The Mideast: Peace May Mean Economic Separation

Were the prospects of Arab-Israeli peace too good to be true? Just weeks ago, Israeli Prime Minister Shimon Peres' peace program looked to be winning the hearts and minds of war-weary Israelis. Yassir Arafat, fresh from victory in the December Palestinian election, was consolidating his power while Israelis and Syrians were finally sitting down near Washington to talk seriously about a peace agreement. And multinationals began flocking to the area, scenting a mounting peace dividend: Last month, for example, Citibank opened its first regional office in Tel Aviv in a bid to cash in on the expected peace boom and multibillion-dollar wave of internationally financed projects for the Palestinian areas.

The suicide bombs that ripped through Jerusalem and Tel Aviv with such murderous fury in late February and early March seem to have shattered that rosy vision. Peres looked like a shoo-in in the May elections; now, the stunned Israeli public could well throw him out. Declaring war on Islamic militants, the embattled leader has moved quickly to seal off the Palestinian territories. But this, too, could have dire consequences. "We are now threatened with the collapse of the entire peace process," says Nabil Shaath, the Palestinian Planning Minister.

HIGH FENCES. But what is collapsing is not necessarily the peace process itself, but Peres' vision of what peace would look like. In place of his program of increasingly knitting Palestinian areas into a common market, Israel is veering toward total separation of Israelis and Palestinians. On Mar. 3, after a suicide bomber on a Jerusalem bus killed 19 people, Israel rushed approval of a $100 million budget to build cold-war-style high-security fences around Palestinian areas. The U.S. is planning to supply high-tech bomb-detection equipment.

Israel was already moving toward separation. The numbers of Palestinians employed in Israel has dropped from 170,000 two years ago to barely 20,000 today as the Israelis try to reduce potential terrorists in their midst. Cheap labor at booming Israeli construction sites today comes from Poland, Thailand, the Philippines, and even China. The death of four Romanian construction workers in the Mar. 3 Jerusalem blast underscores this reorientation of the economy. The Israeli government is expected to give the green light for an additional 30,000 foreign workers.

But the risk is that these moves will worsen the grim economic conditions in which Hamas thrives. More than 60% of the gross domestic product in areas under Arafat's control is connected to trade with Israel or comes from earnings of Palestinian workers in the Jewish state. Separation, says Israeli consultant Gil Feiler, "could lead to even worse terrorism because there will be no safety valve"--meaning the option to work in Israel.

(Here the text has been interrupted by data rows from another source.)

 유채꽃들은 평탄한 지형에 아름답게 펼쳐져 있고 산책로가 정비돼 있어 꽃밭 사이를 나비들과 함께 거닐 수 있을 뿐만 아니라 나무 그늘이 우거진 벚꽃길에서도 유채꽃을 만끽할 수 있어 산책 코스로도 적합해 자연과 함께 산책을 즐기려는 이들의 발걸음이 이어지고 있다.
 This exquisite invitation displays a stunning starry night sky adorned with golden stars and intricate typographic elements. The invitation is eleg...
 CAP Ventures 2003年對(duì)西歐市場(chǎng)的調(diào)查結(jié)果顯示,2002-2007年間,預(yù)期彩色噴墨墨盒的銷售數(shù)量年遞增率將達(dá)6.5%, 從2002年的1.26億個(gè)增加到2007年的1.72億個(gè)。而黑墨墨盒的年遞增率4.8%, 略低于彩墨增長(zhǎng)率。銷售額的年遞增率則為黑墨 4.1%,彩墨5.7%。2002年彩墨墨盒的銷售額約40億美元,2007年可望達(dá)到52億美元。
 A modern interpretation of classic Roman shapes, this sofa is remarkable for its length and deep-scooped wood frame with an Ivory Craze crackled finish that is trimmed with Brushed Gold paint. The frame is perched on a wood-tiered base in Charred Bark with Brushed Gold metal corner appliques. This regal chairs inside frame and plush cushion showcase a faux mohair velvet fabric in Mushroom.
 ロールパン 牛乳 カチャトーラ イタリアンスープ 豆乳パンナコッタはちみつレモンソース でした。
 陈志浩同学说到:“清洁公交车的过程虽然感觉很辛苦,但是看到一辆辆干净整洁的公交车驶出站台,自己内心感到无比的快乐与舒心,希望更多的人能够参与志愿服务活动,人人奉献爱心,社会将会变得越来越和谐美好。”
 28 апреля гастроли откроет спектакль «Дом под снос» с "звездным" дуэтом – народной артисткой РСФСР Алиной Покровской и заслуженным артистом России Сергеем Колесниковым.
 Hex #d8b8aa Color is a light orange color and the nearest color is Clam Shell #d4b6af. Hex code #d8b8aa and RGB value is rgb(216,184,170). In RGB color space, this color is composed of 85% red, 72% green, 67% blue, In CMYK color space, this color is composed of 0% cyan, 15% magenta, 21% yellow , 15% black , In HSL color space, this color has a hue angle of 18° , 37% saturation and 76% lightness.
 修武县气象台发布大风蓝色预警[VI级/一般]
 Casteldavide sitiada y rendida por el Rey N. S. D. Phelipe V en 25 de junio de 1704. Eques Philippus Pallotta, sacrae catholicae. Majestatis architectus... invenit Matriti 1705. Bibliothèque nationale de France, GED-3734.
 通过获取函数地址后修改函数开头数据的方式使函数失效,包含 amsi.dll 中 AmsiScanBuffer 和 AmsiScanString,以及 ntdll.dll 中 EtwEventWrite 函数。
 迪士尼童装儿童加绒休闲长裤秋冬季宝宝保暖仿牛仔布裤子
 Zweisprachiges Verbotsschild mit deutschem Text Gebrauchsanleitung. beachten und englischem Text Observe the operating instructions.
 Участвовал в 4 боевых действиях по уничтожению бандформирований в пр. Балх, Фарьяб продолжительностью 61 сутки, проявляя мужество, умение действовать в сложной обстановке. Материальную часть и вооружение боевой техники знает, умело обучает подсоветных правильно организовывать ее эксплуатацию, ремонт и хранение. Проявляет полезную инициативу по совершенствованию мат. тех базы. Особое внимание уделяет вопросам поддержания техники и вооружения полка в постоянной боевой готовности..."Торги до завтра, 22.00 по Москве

There could be some pluses in separation for the Palestinians over the long run. It could force greater self-sufficiency and even lead more rapidly to the formation of a Palestinian state. If Israel is set on separation, for instance, then Jerusalem will have to stop opposing independent port facilities and airports in Palestinian areas.

But first, the Palestinians will have to put their house in order. If Arafat and public pressure can't stop terrorism, Arafat's fledgling Palestinian entity is going to be a failure, with a moribund economy--and the Israelis reasserting control instead of granting more autonomy. Already, several top-level international aid missions have been canceled, although no one is yet talking about cutting off funds. Peace may still come to the Middle East, but it has suffered a huge setback.